City Council asks West Bank plant to use natural gas

by Shira Kantor

Answering the pleas of several area pollution-control groups, City Council members took steps Tuesday to make sure Minneapolis residents can breathe a little easier.

A City Council committee approved a resolution requesting energy provider Xcel Energy to convert its Riverside coal plant into one that burns natural gas instead.

The Riverside coal plant, located on the University’s West Bank, is among six state coal plants not required to conform to the standards of the Clean Air Act because they were built before the act was passed in 1970.

According to the city’s resolution, Minnesota generates 68 percent of its electricity through coal burning – the largest industrial source of air pollution.

The six exempted plants are permitted to produce five to 10 times the amount of dangerous nitrogen oxide and sulfur dioxide emissions than their restricted counterparts – a rallying point for environmental groups that have pushed for energy reform.

The Minnesota Pollution Control Agency – which, along with the Sierra Club and the Minnesota Public Interest Research Group, has been advocating air pollution control – monitors toxins in the air.

The MPCA watches for high levels of six “criteria” pollutants – ozone, carbon monoxide, lead, sulfur dioxide, nitrogen oxides and particulate matter. Particulates are federally regulated particles less than 10 microns in diameter.
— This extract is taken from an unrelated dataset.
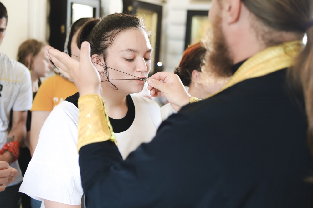 - На этот форум приехало много учеников из школ Хабаровского края, где мы проводили с января беседы о любви и влюбленности, о любви к ближнему, о вреде сквернословия, - рассказывает иерей Андрей Долгополов. – У нас были некрещённые ребята – пятнадцать человек, которых мы покрестили прямо на форуме. Сегодня они первый раз причащались. Я смотрел на них после причастия и видел уже родного человека, которого ты давно знаешь, хотя на самом деле видел его четыре дня в лагере и до этого - на беседе в школе. Это такое большое укрепление и для меня и наших отцов, работающих с молодёжью, и для наших активистов, это такое христианство на практике. Мы видим, как Господь среди нас укрепляет, помогает и приводит к Любви, и так здорово быть соучастником.
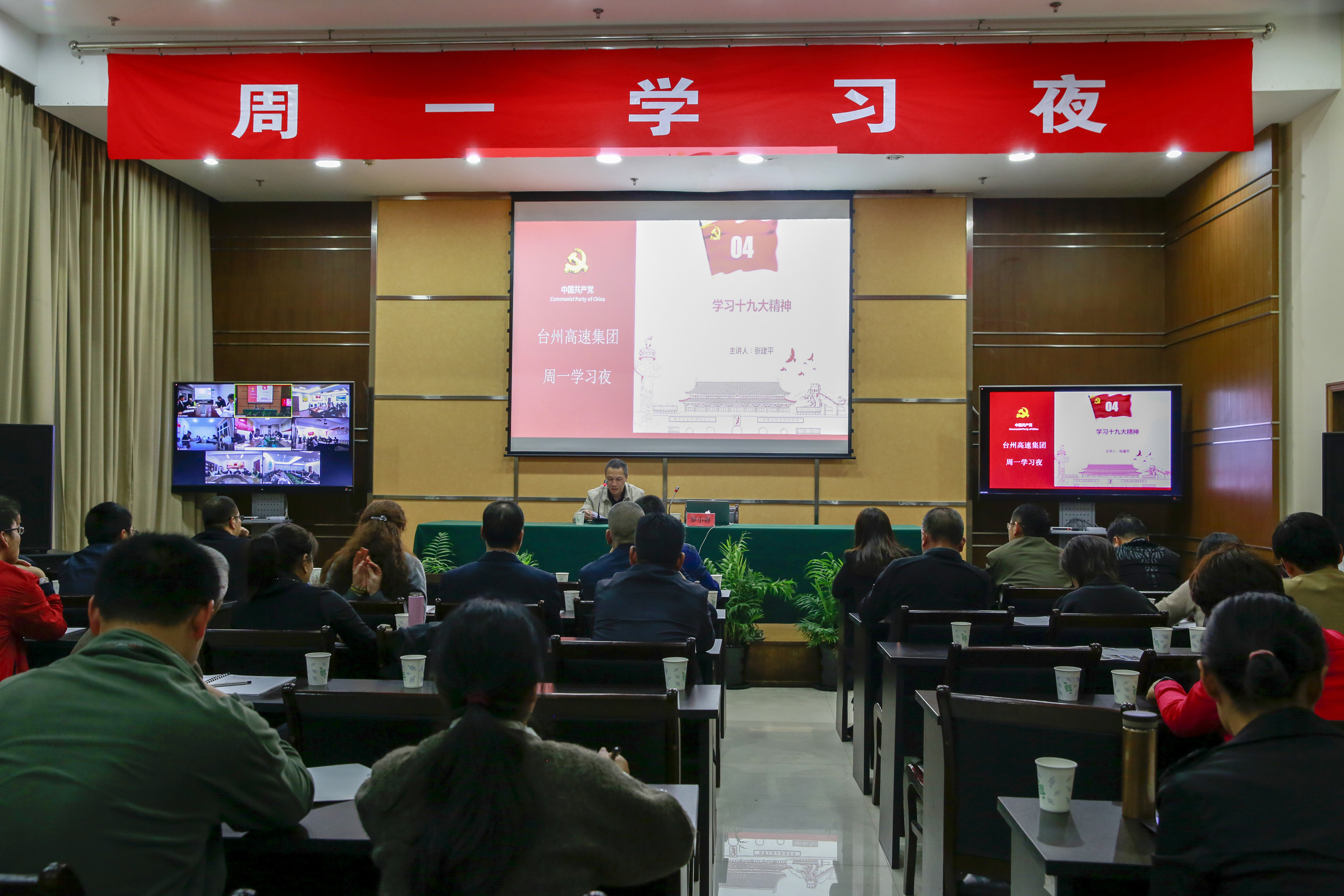 大樓、子公司全體員工參加學(xué)習(xí)夜,各所、中心的非當(dāng)班員工通過遠(yuǎn)程視頻會(huì)議系統(tǒng)同步學(xué)習(xí)。

In the Twin Cities levels of the criteria pollutants failed to meet federal standards throughout the 1990s, according to a MPCA report.

Ward 6 City Council member Dean Zimmermann said he appreciated the move but didn’t want to stop with the coal-to-gas conversion.

“Any time that we can stop burning coal it will be of great benefit to our great-grandchildren,” Zimmermann said, “but we want to be sure we see this only as an interim step.”

Zimmermann said renewable energy sources such as wind power should be the ultimate goal.

The resolution will be forwarded to Friday’s council meeting, where the entire council will vote on it.